First-night nerves in movie mayhem

Lauren Chambliss12 April 2012

IT'S the time of year when the big entertainment companies release seasonal films and earnings forecasts rise or fall on the strength of a single movie's opening day box-office receipts.

Disney, the giant media company with theme parks, TV and cable operations has been floundering since epic cartoon Treasure Planet bombed on its first box-office weekend.

Harry Potter is working his special brand of box office magic, pulling in nearly $300m (£190m) in the US in its first few days. That's good news for AOL Time Warner, also expecting a box-office bonanza with the US release on 18 December of The Lord of the Rings: The Two Towers.

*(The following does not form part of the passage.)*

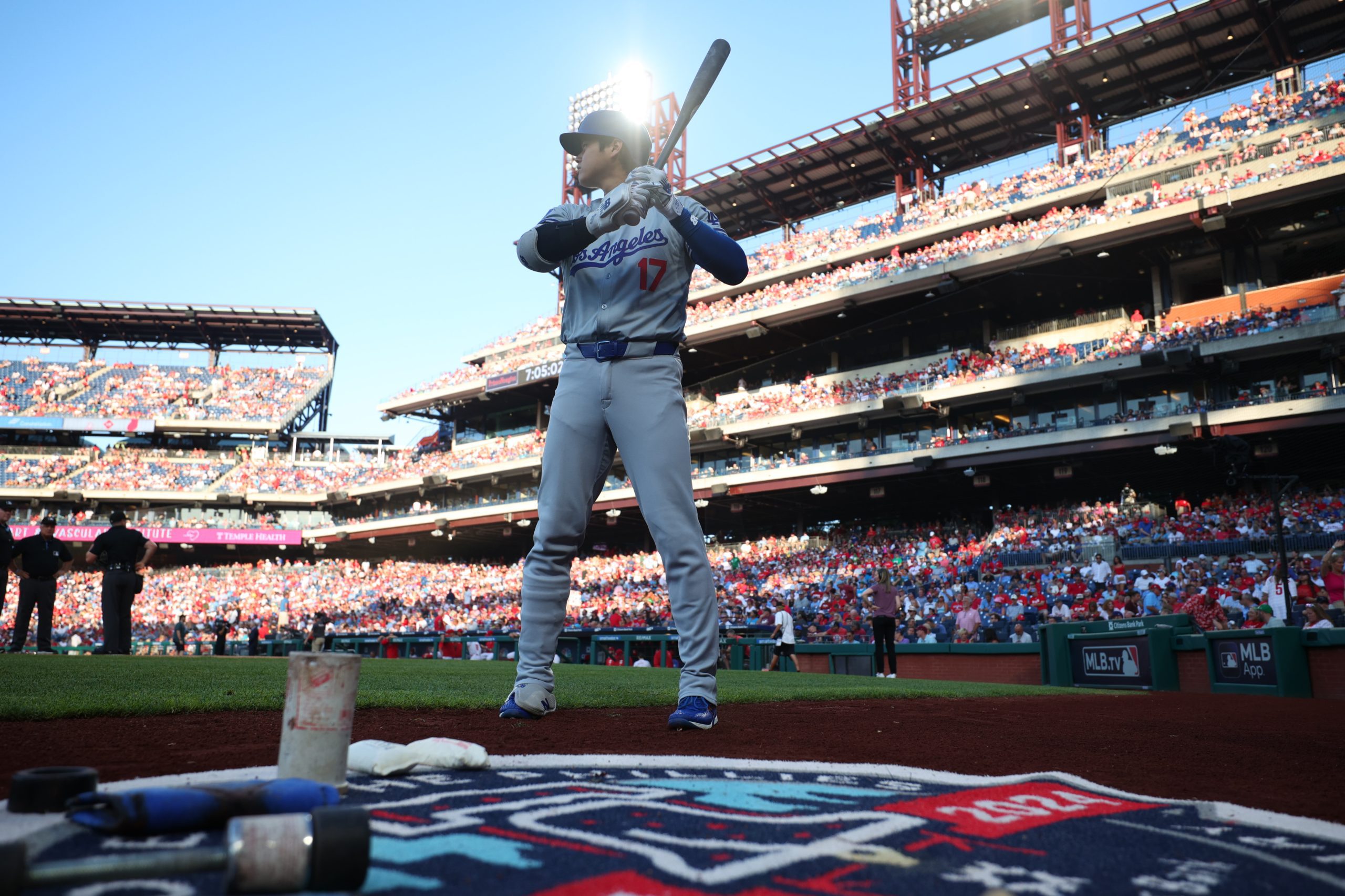 Photo Credit: Shohei Ohtani #17 of the Los Angeles Dodgers warms up in the on deck circle prior to the game against the Philadelphia Phillies. (Photo by Heather Barry/Getty Images)

Vivendi Universal is riding high with several hot Christmas releases - rapper Eminem's 8 Mile and drug drama Empire - giving a lift to chief Barry Diller's reported effort to spin off the movie giant from its troubled French parent.

Working out whether a film will hit or miss has become an obsession on Wall Street, where at this time of year investors spend almost as much time reading Hollywood's Daily Variety as they do the Wall Street Journal.

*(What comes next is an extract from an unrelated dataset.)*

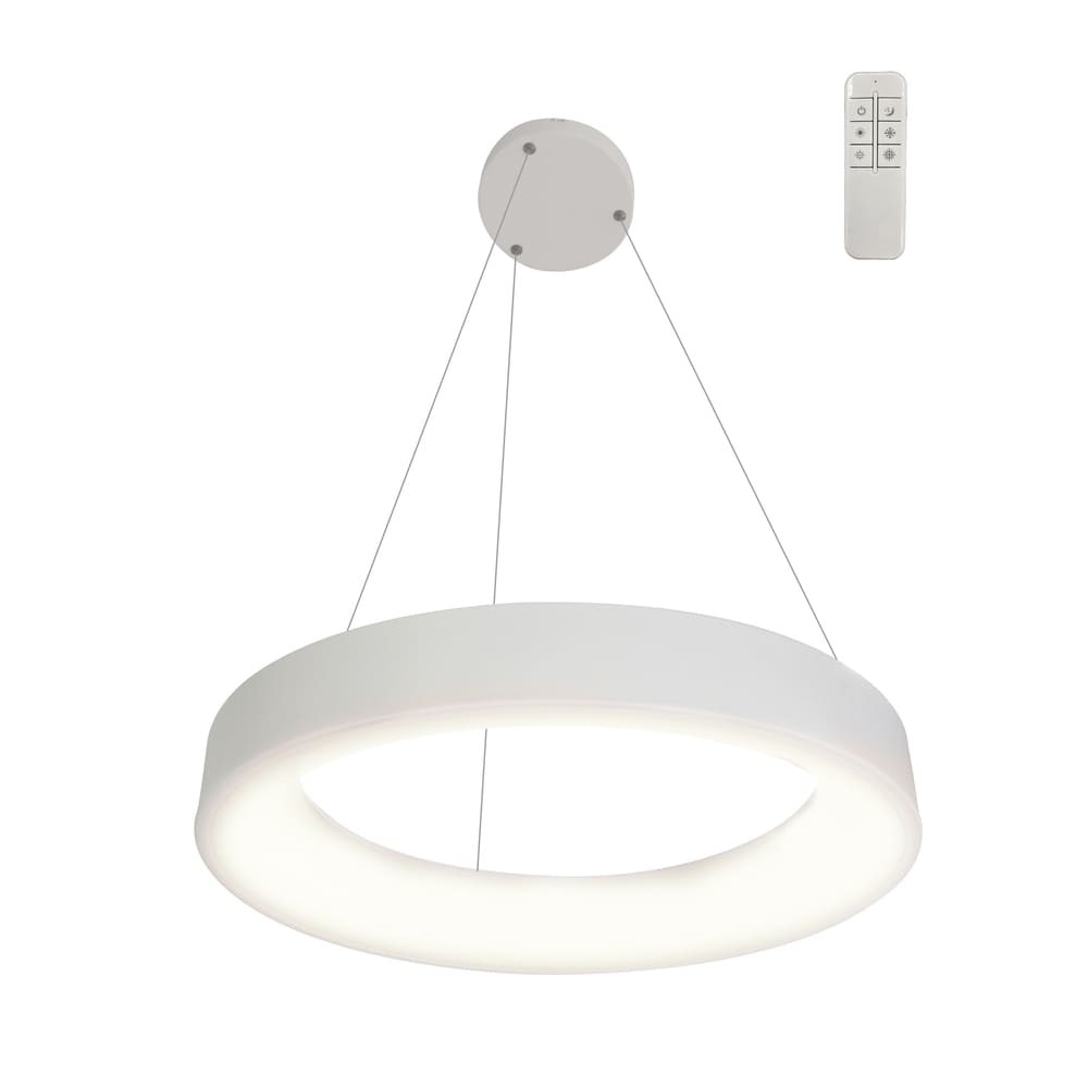Lámpara de techo con tres temperaturas de color. La lámpara colgante LED Lyn es perfecta para instalar sobre una mesa o una zona de sofás gracias a su diseño en forma de aro. Incluye un mando a distancia para adaptar el tono de color de la luz a tus necesidades en cada momento. Lámpara colgante de color blanco ideal para salones de estilo moderno.

The movie craze reaches a peak in the next week with the release of several sure blockbusters and a few wannabes, including the second instalment of The Lord of the Rings trilogy; Maid in Manhattan, a Jennifer Lopez-Ralph Fiennes vehicle; a Martin Scorsese film about New York Irish gangs; several comedies; and a Star Trek sequel.

The first Lord of the Rings film sold $860m in tickets. New Line Cinema, a unit of AOL Time Warner, has shipped 35m DVDs and videotapes and expects to sell 18m more by the end of the year. The budget for the trilogy - all three were shot simultaneously - was $310m.

On the other hand, Disney was forced to drop its guidance on early next year after Treasure Planet flopped and Disney shares fell by about 15%.

'Movies are just one small piece of business for most of these companies and sometimes there is an over-emphasis on one data point - the opening day weekend,' said Marie Driscoll of Argus Research. 'Investors sometimes look at the trees instead of the forest.'

Meanwhile, a month-long slide in AOL Time Warner's shares has been halted by Potter's magic and the promise of a ringing run for the second cinematic adaptation of JR Tolkein's epic.